Mohren Martin, Jentsch-Ullrich Kathleen, Koenigsmann Michael, Kropf Siegfried, Schalk Enrico, Lutze Gerd
Department of Hematology/Oncology, Magdeburg University Hospital, Magdeburg, Germany.
Klinik für Hämatologie/Onkologie, Johanniter-Krankenhaus Stendal, Wendstr. 31, 39576, Stendal, Germany.
Int J Hematol. 2016 Feb;103(2):189-95. doi: 10.1007/s12185-015-1913-y. Epub 2015 Nov 26.
The risk of venous thromboembolism is increased in patients with lymphoma and leukemia; however, little is known about the potential underlying hereditary or acquired thrombophilia. We prospectively analyzed procoagulant markers and gene mutations in patients with lymphoma (n = 35) and leukemia (n = 10) at diagnosis and over the course of treatment. Global coagulation tests were normal in all patients, as were antithrombin and protein S. Activated protein C resistance caused by the factor V Leiden mutation was found in four patients, one patient had the G20210A mutation of the prothrombin gene, and one patient had protein C deficiency. The most striking findings were sustained very high levels of factor VIII (>150 %) in 30 patients (68 %), which correlated with high von Willebrand factor. An acute phase response in these patients was ruled out by absence of fever and normal IL-6 and -α. Elevated factor VIII is an independent thrombophilic risk factor and may play an etiologic role in thromboembolic complications in patients with malignant lymphoma.

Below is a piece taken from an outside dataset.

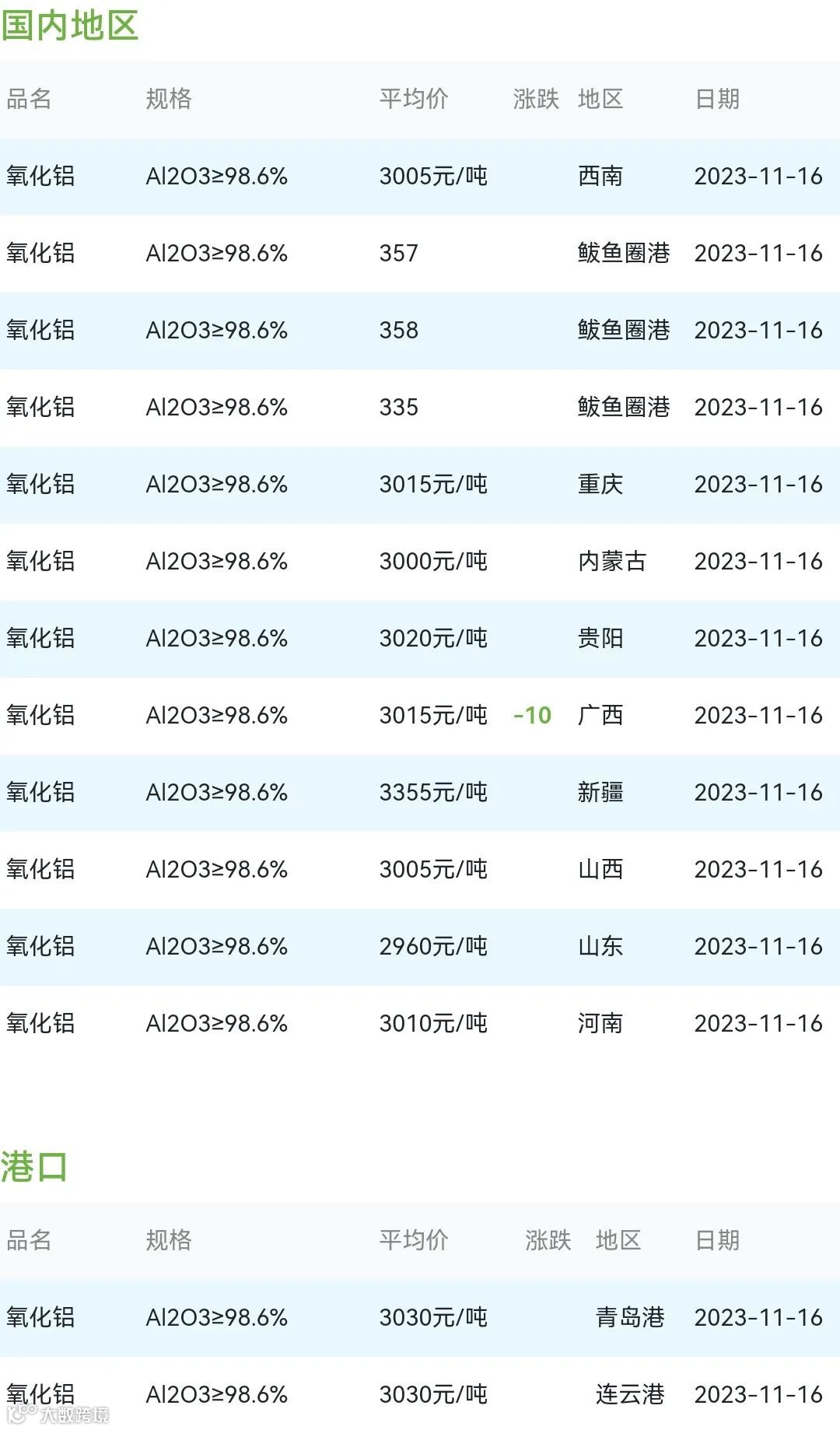 2023年11月16日氧化铝粉体材料市场参考价:

Since high von Willebrand factor is most likely caused by endothelial cell injury, an additional, unknown pathophysiological association with malignant lymphoma and acute leukemia is possible.
淋巴瘤和白血病患者发生静脉血栓栓塞的风险增加;然而,对于潜在的遗传性或获得性易栓症知之甚少。我们对35例淋巴瘤患者和10例白血病患者在诊断时及治疗过程中进行了前瞻性促凝标志物和基因突变分析。所有患者的全血凝固试验均正常,抗凝血酶和蛋白S也正常。4例患者发现由因子V Leiden突变引起的活化蛋白C抵抗,1例患者有凝血酶原基因的G20210A突变,1例患者有蛋白C缺乏。最显著的发现是30例患者(68%)的因子VIII水平持续非常高(>150%),这与高血管性血友病因子相关。这些患者不存在发热且白细胞介素-6和-α正常从而排除了急性期反应。因子VIII升高是一个独立的易栓危险因素,可能在恶性淋巴瘤患者的血栓栓塞并发症中起病因学作用。由于高血管性血友病因子很可能是由内皮细胞损伤引起的,因此恶性淋巴瘤和急性白血病可能存在另一种未知的病理生理关联。